Алексей Иванов: "Жажда неволи — родовая русская черта"
На модерации
Отложенный
Писатель Алексей Иванов дал интервью корреспонденту издания "Деловой Петербург" Сергею Гуркину о востребованности несвободы и объяснил, какая часть России живет в ХХI веке, а какая — еще в XVII.
- На "Открытых диалогах" в мае, когда обсуждали тему 1990–х годов, вы сказали, что "народ хочет отдать свою свободу". Может ли быть так, что в этом — одна из составляющих "особого пути", отсутствие потребности в индивидуальной политической субъектности?
— Вообще–то это заметил не я, а Достоевский. Он писал, что главный русский вопрос — "Кому отдать свою свободу?". Жажда неволи — родовая русская черта, и ничего с ней не поделать. Но проблема не в этом. Есть волшебное число для человечества — 3–5%. Это количество пассионариев в этносе. Количество мутантов в популяции. Количество занятых производством материальных ценностей в благополучном социуме. И так далее. И в России эти же самые 3–5% граждан не желают расставаться со своей свободой. Однако если нация с облегчением вручает власти право руководить собою, то эти 3–5% тоже теряют свободу, хотя они этого вовсе не хотят. Так что нужна система, которая не душила бы этих немногочисленных, но активных граждан. А если говорить более широко, то нужна такая власть, которая не забирала бы свободу, даже если нация хочет ее отдать. Дают — не бери, потому что не твое! И пресловутый "особый русский путь" есть просто системное игнорирование индивидуальной инициативы, когда власть смотрит на народ, но не видит гражданина. Такая стратегия называется красивым словом "соборность". Но она хороша только в церкви и на войне.
- На личном уровне, впрочем, все мы свободны. Мы спокойно разговариваем, спокойно пишем, публикуем книги. Но на "большом" уровне со свободами все иначе. Такая ситуация может длиться долго?

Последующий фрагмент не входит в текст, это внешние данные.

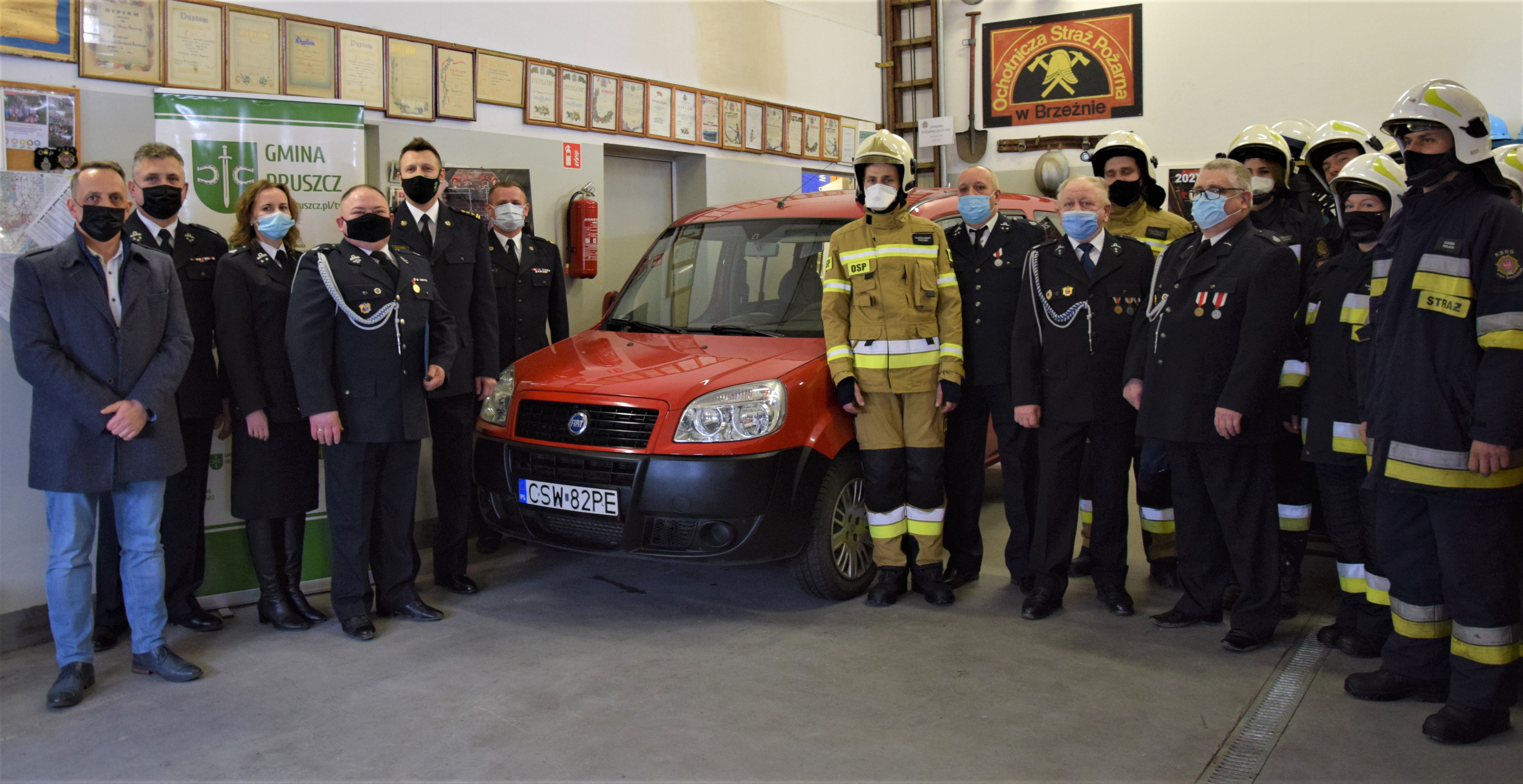 12 marca 2021 roku w siedzibie Ochotniczej Straży Pożarnej w Brzeźnie odbyło się przekazanie lekkiego samochodu kwatermistrzowskiego Fiat Doblo z Komendy Powiatowej PSP w Świeciu dla Ochotniczej Straży Pożarnej w Brzeźnie. Dzięki decyzji Kujawsko-Pomorskiego Komendanta Wojewódzkiego st. bryg. Jacka Kaczmarka, Komendant Powiatowy Państwowej Straży Pożarnej w Świeciu st. bryg. Piotr Tkaczyński przekazał na ręce Prezesa OSP Brzeźno dh Macieja Serafina akt przekazania pojazdu oraz kluczyki. W spotkaniu uczestniczyli Dowódca JRG Świecie mł. bryg. Paweł Puchowski, Wójt Gminy Pruszcz Pan Dariusz Wądołowski, Przewodniczący Rady Gminy Pan Piotr Radecki, Komendant Gminny OSP dh Grzegorz Pączek oraz druhny i druhowie OSP Brzeźno. Wójt Gminy Pruszcz podziękował za przekazany pojazd i podkreślił, iż z pewnością będzie przydatny i służył druhom oraz mieszkańcom gminy.

— Свобода — не только свобода слова или вероисповедания, это еще и возможность влиять на принятие общезначимых решений. И отчуждение нации от свободы, хоть в мягком варианте, хоть в жестком, может длиться очень даже долго — пока у государства есть ресурсы для существования. Причем сигналы о том, что эти ресурсы иссякают, ни до кого не доходят. Блокировка их, можно сказать, запрограммирована в системе несвободы. Не надо обольщаться тем, что мы можем слушать "Эхо Москвы", читать "Новую газету" и ругаться матом в соцсетях. Несвобода спускается и на бытовой уровень тоже. Вот пример: стакан наполовину пуст или наполовину полон? Для свободного человека он наполовину пустой, а для несвободного — наполовину полный, потому что у несвободного человека включен "внутренний цензор". При правдивом оповещении о факте этот цензор дает ложную интерпретацию. Поэтому несвобода всегда порождает ложь. А жить по лжи психологически комфортно, но скучно.
- Может быть, наличие внутреннего цензора связано с отсутствием четкой картины мира, системы ценностей?

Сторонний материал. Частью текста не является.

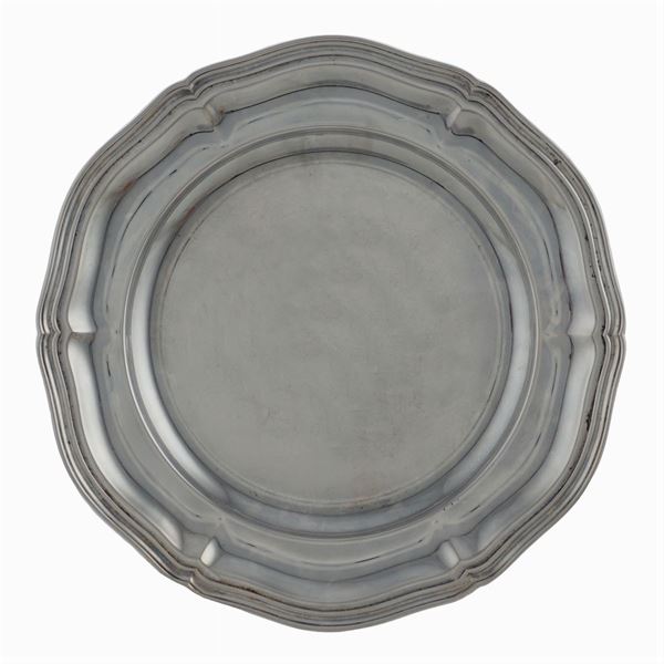 goldsmith Ricci & Co. srl, Alessandria, circular shape with shaped rim, d. 29 cm., wear, peso 6200 gr.

— Вряд ли. Чем больше лжи, тем проще и яснее картина мира. Мы — хорошие, вокруг — враги, что может быть более четким в самоопределении? И те, кто верит лжи, чаще всего люди хорошие. Тут проблема, наверное, в том, что называется "окном овертона". Реальная картина мира не вмещается в окно восприятия человека, и внутренний цензор, так сказать, архивирует ее до нужного размера. А при архивации теряется все то, что не совпадает с уже устоявшимися представлениями человека о мире. По какой–то удивительной причине ни разгул лихих девяностых, ни информационная открытость Интернета, ни путешествия по миру, ни свобода слова не расширили "окно овертона" у нации. Как верили в царя–батюшку и масонов–предателей, так и верим. И хоть кол на голове теши.
- Как может произойти переход от состояния, когда общество хочет свою свободу, к состоянию, когда оно не захочет этого делать?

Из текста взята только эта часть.